◆ What you should do
Write back every entry exactly as it reads, with the pictures left behind.

◆ Material provided

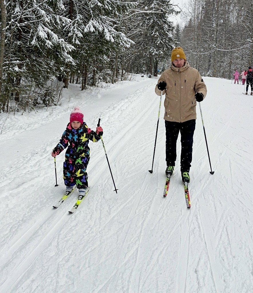 В зимние субботы я и моя дочь Ева надеваем лыжи и отправляемся по лесной тропе — наш небольшой семейный ритуал. Для меня это возможность провести время с дочерью и привить ей любовь к простым радостям: равномерному скольжению, размеренному ритму шагов и терпению. Для Евы — это исследование зимнего мира, приобретение уверенности на скользкой трассе и уважение к силам природы. На фото мы едем рядом: я слежу, поддерживаю и подаю пример, а Ева с каждым разом становится всё увереннее. Наше хобби — не только спорт, но и время, которое мы дарим друг другу, создавая тёплые воспоминания под падающим снегом.
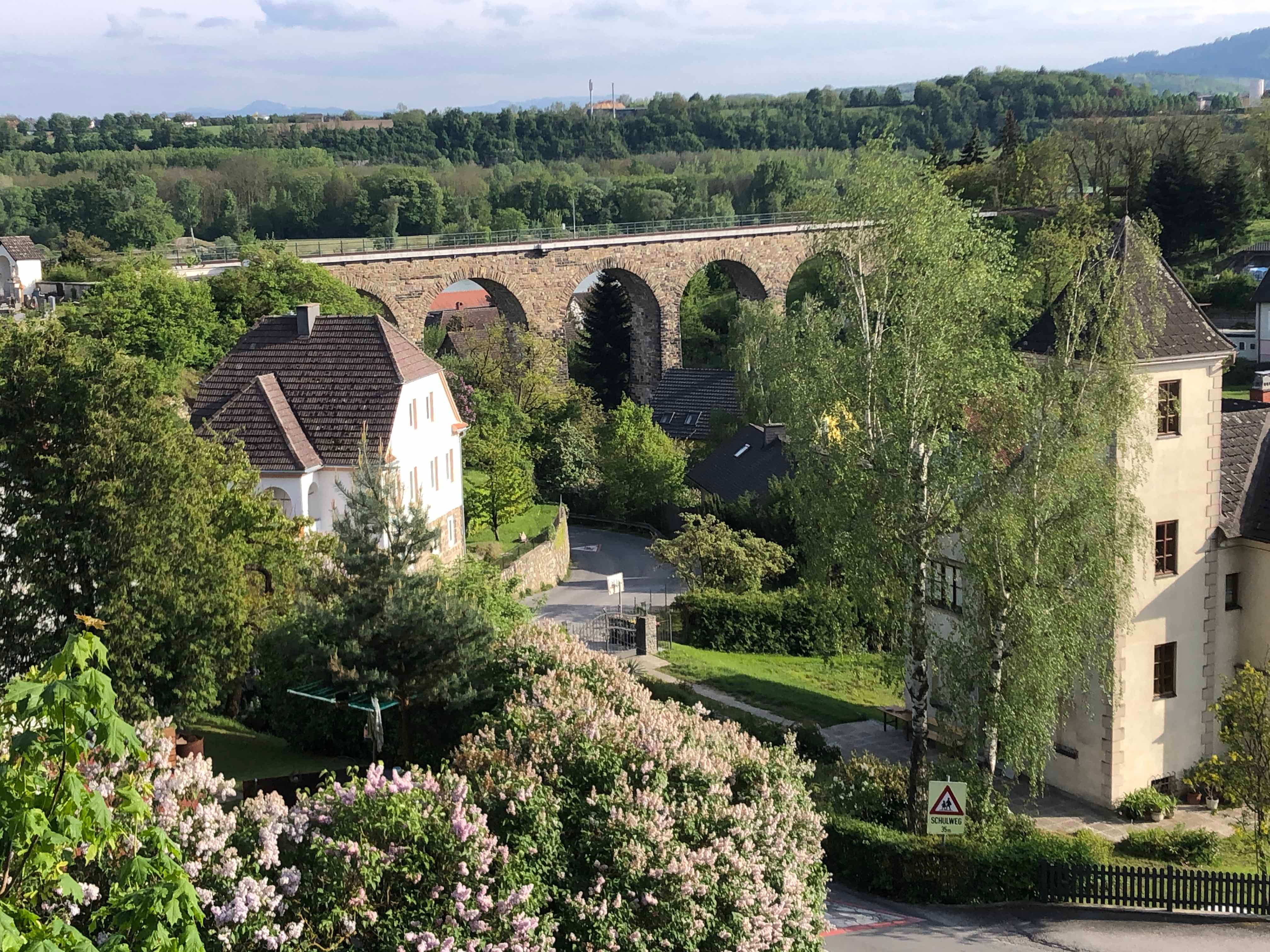 Kühn, in acht Bögen, überspannt das Viadukt die Ortsstraße von Emmersdorf. 105 Meter lang und über 100 Jahre alt. Seit 1909 verlief hier die Donauuferbahn, auf der Dampfloks Mensch und Material zwischen Krems und St. Valentin transportierten.
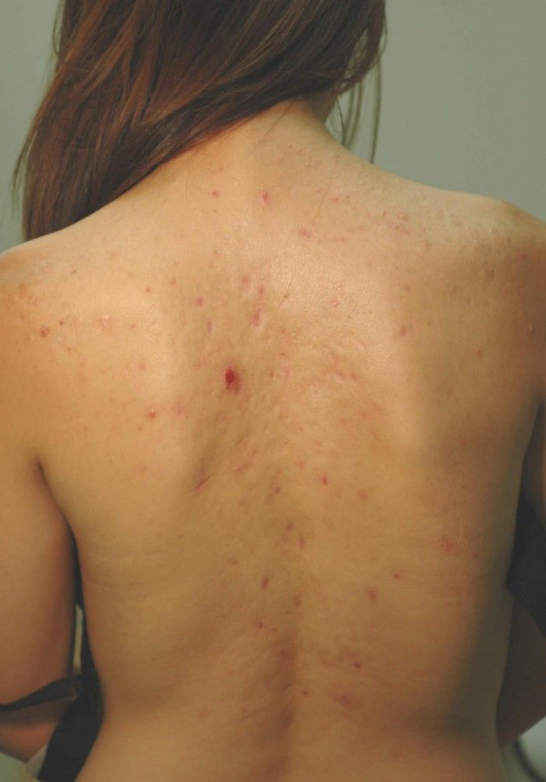 Մաշկի վրա առաջացող թարախային պզուկները, մանր կարմիր ցանավորումը ճարպագեղձերի կողմից արտադրվող արտազատուկի քանակի ավելացման հետևանք են, և հանդիպում են հիմնականում մեջքի վերին հատվածում, կրծքավանդակի առաջային մակերեսին ու ուսերի շրջանում:Այս խնդիրը առավելապես ճարպոտ մաշկ ունեցող և մինչև 27 տարեկան անձանց մոտ է լինում:
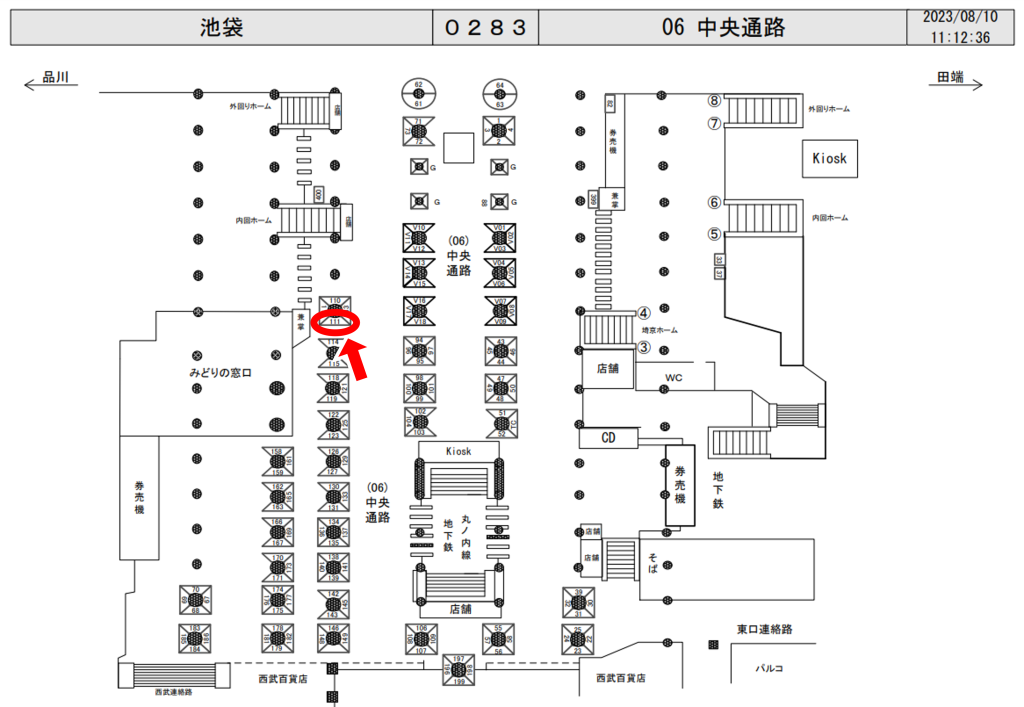 JR池袋駅の改札外、中央改札付近の柱面に設置された駅看板です。
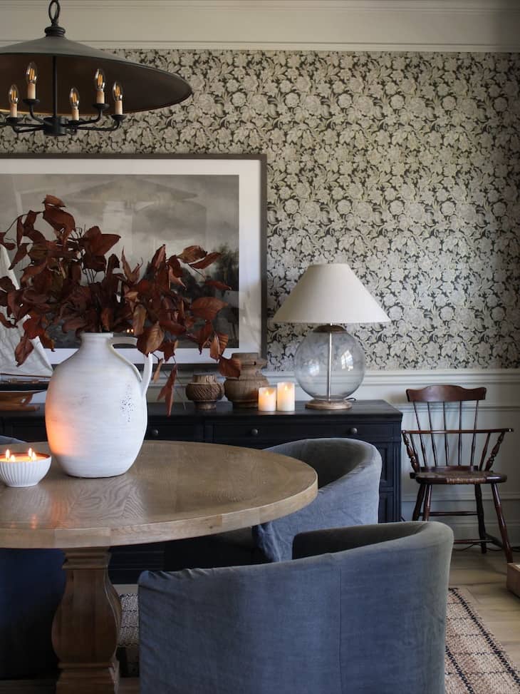 Bring warmth to your eating area by hanging a highly textured floral wallpaper above a low white wall trim. Anchor the busy pattern with a solid black sideboard and a rustic round wooden table surrounded by comfortable grey chairs. Complete this cozy atmosphere by displaying a large framed print and a heavy white vase filled with dried brown leaves.
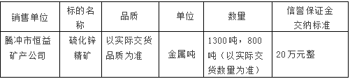 騰沖市恒益礦產(chǎn)品經(jīng)貿(mào)有限責(zé)任公司關(guān)于鋅精礦競價(jià)銷售公告(202001)號
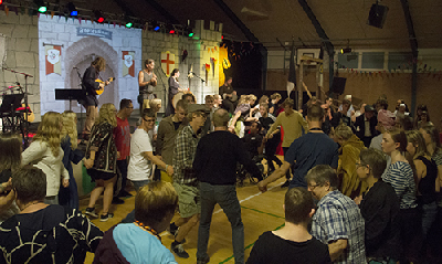 Weekenden blev danset i gang med middelalder-dans fredag aften og efterfølgende Talentshow. Lørdag var der masser af aktiviteter i løbet af dagen, og om aftenen var der festaften, Talentshow og midnatslovsang. Til søndagens gudstjeneste fik vi besøg af en kirkeklovn, og sluttede med alle at “gå på livets vej” rundt i hallen. Alt i alt en fantastisk middelalderfest med masser af sang og musik, alvor og sjov – og plads til alle.
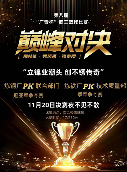 11月20日晚,第八屆“廣青杯”籃球比賽經(jīng)過9天的緊張角逐圓滿結束,廣東廣青金屬科技有限公司300多名員工觀看了冠亞軍決賽。
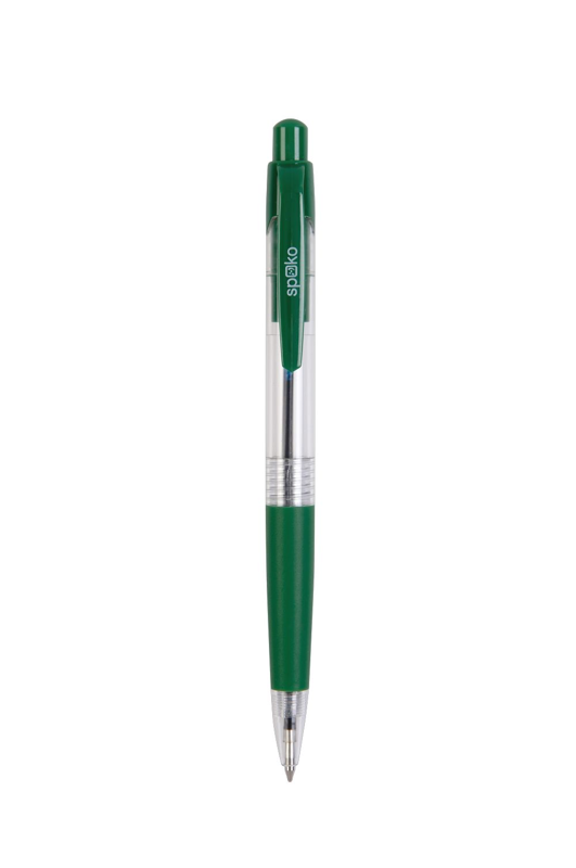 Skladem Kuličkové pero Spoko 0.5 zelené PeMi kód: 736449 EAN: 8594157933448 Stiskací kuličkové pero s průhledným tělem, které umožňuje kontrolovat množství náplně. Barevnost pera odpovídá barvě náplně. Tištěné logo na klipu. transparentní tělo v kombinaci se zelenou šířka stopy: 0,5 mm. Materiál: plast náhradní náplň typ X20. 7 Kč Do košíku
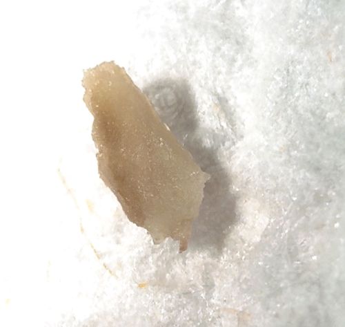 Inanimate. This appears to be a small, translucent, brownish-yellow fragment. It lacks legs, antennae, segmentation, a head, or distinct insect body parts. The texture appears waxy or crusty.
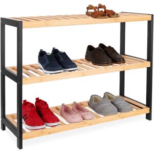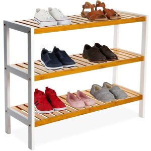 The shoe organiser helps you keep your shoe collection tidy and organised, ensuring a neat entrance area. Three pairs of shoes can be stored on each of the open, easily accessible shelves. With this shoe rack, you'll always have your favourite footwear on hand, whatever your outfit or the weather. Thanks to its slim design, this space-saving bamboo shoe rack fits perfectly in small hallways, corridors, or narrow stairwells. Shoe rack in detail - Dimensions 2 levels H x W x D: approx. 33 x 70 x 26 cm - Dimensions 3 levels H x W x D: approx. 55 x 70 x 26 cm - Distance between levels: approx. 18.5 cm - Load capacity per level: approx. 4 kg - Material: bamboo - Available in various colours Narrow bamboo shoe rack - Neat and tidy shoe storage - Ample storage space - Space for 3 pairs of shoes per shelf - Space-saving shoe storage due to narrow design - Open design for a good overview and quick access - Made from sturdy, natural bamboo - Ideal shoe rack for hallways, corridors, and dressing

◆ Solution for this problem
 В зимние субботы я и моя дочь Ева надеваем лыжи и отправляемся по лесной тропе — наш небольшой семейный ритуал. Для меня это возможность провести время с дочерью и привить ей любовь к простым радостям: равномерному скольжению, размеренному ритму шагов и терпению. Для Евы — это исследование зимнего мира, приобретение уверенности на скользкой трассе и уважение к силам природы. На фото мы едем рядом: я слежу, поддерживаю и подаю пример, а Ева с каждым разом становится всё увереннее. Наше хобби — не только спорт, но и время, которое мы дарим друг другу, создавая тёплые воспоминания под падающим снегом.
 Kühn, in acht Bögen, überspannt das Viadukt die Ortsstraße von Emmersdorf. 105 Meter lang und über 100 Jahre alt. Seit 1909 verlief hier die Donauuferbahn, auf der Dampfloks Mensch und Material zwischen Krems und St. Valentin transportierten.
 Մաշկի վրա առաջացող թարախային պզուկները, մանր կարմիր ցանավորումը ճարպագեղձերի կողմից արտադրվող արտազատուկի քանակի ավելացման հետևանք են, և հանդիպում են հիմնականում մեջքի վերին հատվածում, կրծքավանդակի առաջային մակերեսին ու ուսերի շրջանում:Այս խնդիրը առավելապես ճարպոտ մաշկ ունեցող և մինչև 27 տարեկան անձանց մոտ է լինում:
 JR池袋駅の改札外、中央改札付近の柱面に設置された駅看板です。
 Bring warmth to your eating area by hanging a highly textured floral wallpaper above a low white wall trim. Anchor the busy pattern with a solid black sideboard and a rustic round wooden table surrounded by comfortable grey chairs. Complete this cozy atmosphere by displaying a large framed print and a heavy white vase filled with dried brown leaves.
 騰沖市恒益礦產(chǎn)品經(jīng)貿(mào)有限責(zé)任公司關(guān)于鋅精礦競價(jià)銷售公告(202001)號
 Weekenden blev danset i gang med middelalder-dans fredag aften og efterfølgende Talentshow. Lørdag var der masser af aktiviteter i løbet af dagen, og om aftenen var der festaften, Talentshow og midnatslovsang. Til søndagens gudstjeneste fik vi besøg af en kirkeklovn, og sluttede med alle at “gå på livets vej” rundt i hallen. Alt i alt en fantastisk middelalderfest med masser af sang og musik, alvor og sjov – og plads til alle.
 11月20日晚,第八屆“廣青杯”籃球比賽經(jīng)過9天的緊張角逐圓滿結束,廣東廣青金屬科技有限公司300多名員工觀看了冠亞軍決賽。
 Skladem Kuličkové pero Spoko 0.5 zelené PeMi kód: 736449 EAN: 8594157933448 Stiskací kuličkové pero s průhledným tělem, které umožňuje kontrolovat množství náplně. Barevnost pera odpovídá barvě náplně. Tištěné logo na klipu. transparentní tělo v kombinaci se zelenou šířka stopy: 0,5 mm. Materiál: plast náhradní náplň typ X20. 7 Kč Do košíku
 Inanimate. This appears to be a small, translucent, brownish-yellow fragment. It lacks legs, antennae, segmentation, a head, or distinct insect body parts. The texture appears waxy or crusty.
 The shoe organiser helps you keep your shoe collection tidy and organised, ensuring a neat entrance area. Three pairs of shoes can be stored on each of the open, easily accessible shelves. With this shoe rack, you'll always have your favourite footwear on hand, whatever your outfit or the weather. Thanks to its slim design, this space-saving bamboo shoe rack fits perfectly in small hallways, corridors, or narrow stairwells. Shoe rack in detail - Dimensions 2 levels H x W x D: approx. 33 x 70 x 26 cm - Dimensions 3 levels H x W x D: approx. 55 x 70 x 26 cm - Distance between levels: approx. 18.5 cm - Load capacity per level: approx. 4 kg - Material: bamboo - Available in various colours Narrow bamboo shoe rack - Neat and tidy shoe storage - Ample storage space - Space for 3 pairs of shoes per shelf - Space-saving shoe storage due to narrow design - Open design for a good overview and quick access - Made from sturdy, natural bamboo - Ideal shoe rack for hallways, corridors, and dressing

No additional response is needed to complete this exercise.